Data supplied:
[Start of section]

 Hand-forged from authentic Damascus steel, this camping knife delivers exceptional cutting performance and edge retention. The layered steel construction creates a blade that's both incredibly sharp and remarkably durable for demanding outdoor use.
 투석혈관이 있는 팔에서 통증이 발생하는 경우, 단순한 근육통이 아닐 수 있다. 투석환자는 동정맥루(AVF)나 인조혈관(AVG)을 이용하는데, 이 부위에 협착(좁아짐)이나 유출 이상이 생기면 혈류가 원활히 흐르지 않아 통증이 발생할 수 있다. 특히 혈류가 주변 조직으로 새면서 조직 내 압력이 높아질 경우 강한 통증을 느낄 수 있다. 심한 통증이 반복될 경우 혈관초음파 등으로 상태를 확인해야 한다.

[End of section]
[Start of section]

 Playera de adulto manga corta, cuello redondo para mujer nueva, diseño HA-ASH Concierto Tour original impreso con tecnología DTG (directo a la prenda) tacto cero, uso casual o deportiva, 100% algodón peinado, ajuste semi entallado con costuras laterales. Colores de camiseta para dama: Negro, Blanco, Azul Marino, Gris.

[End of section]
[Start of section]

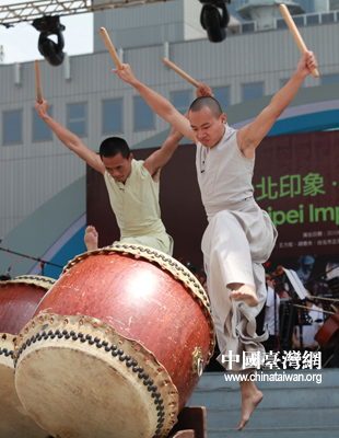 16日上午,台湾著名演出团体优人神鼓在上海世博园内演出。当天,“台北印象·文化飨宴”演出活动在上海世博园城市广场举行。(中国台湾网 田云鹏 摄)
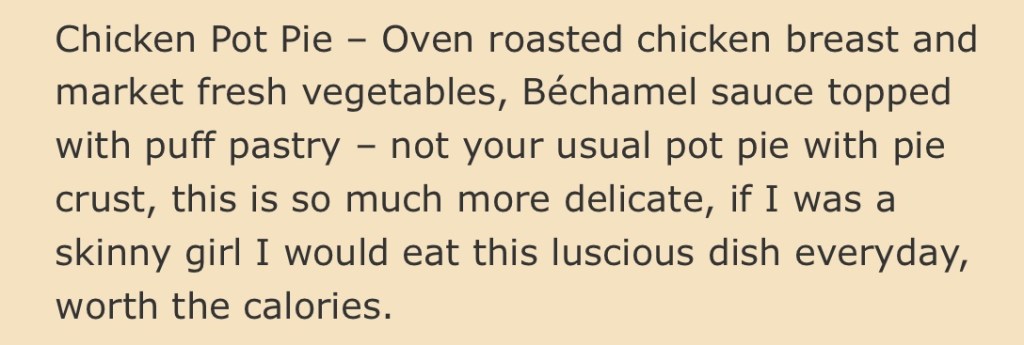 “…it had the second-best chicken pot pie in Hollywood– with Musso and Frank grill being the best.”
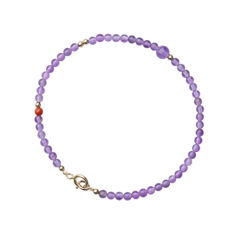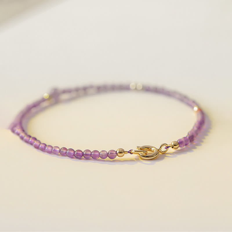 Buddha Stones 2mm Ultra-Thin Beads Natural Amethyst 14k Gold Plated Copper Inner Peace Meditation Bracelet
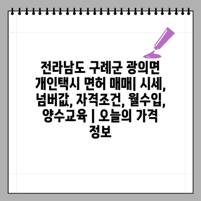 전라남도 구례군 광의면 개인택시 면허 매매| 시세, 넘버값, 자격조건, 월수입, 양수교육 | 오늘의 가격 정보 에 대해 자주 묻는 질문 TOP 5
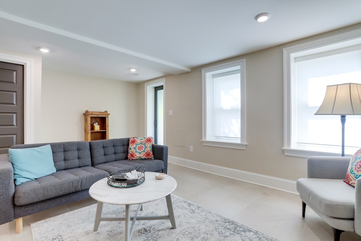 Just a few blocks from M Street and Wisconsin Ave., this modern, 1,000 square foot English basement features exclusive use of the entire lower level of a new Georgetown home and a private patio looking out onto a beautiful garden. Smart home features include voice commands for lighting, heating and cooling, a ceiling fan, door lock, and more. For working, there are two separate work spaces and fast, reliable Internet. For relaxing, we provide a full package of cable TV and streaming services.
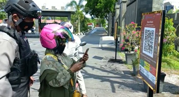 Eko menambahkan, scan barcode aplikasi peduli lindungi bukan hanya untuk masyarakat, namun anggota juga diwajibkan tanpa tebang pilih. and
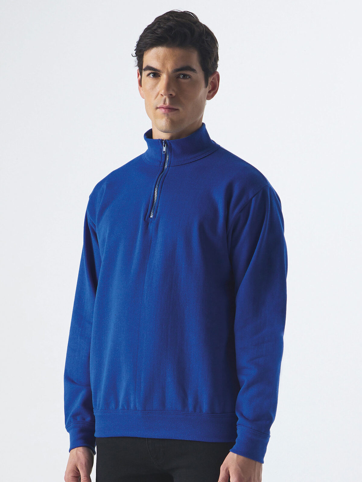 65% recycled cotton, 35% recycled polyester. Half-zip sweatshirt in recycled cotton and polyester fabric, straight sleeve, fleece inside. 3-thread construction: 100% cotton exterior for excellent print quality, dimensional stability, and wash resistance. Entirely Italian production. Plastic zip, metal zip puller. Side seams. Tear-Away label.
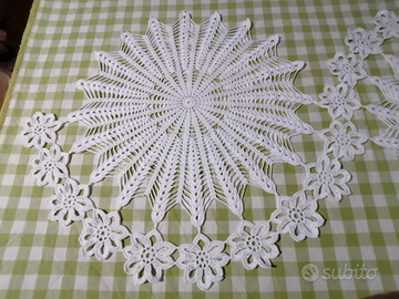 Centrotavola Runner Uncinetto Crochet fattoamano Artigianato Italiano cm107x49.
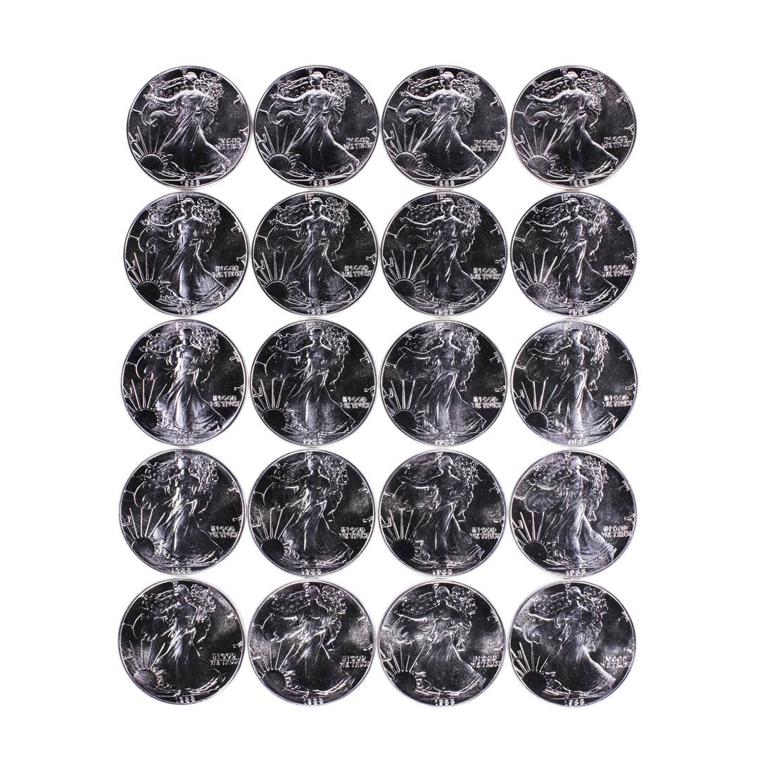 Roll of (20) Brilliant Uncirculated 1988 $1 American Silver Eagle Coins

[End of section]

Find the line with "Centrotavola Runner Uncinetto" in the entries above. Set down exactly every line from it up to and including the line with "Roll of (20)", images excluded.

 Centrotavola Runner Uncinetto Crochet fattoamano Artigianato Italiano cm107x49.
 Roll of (20) Brilliant Uncirculated 1988 $1 American Silver Eagle Coins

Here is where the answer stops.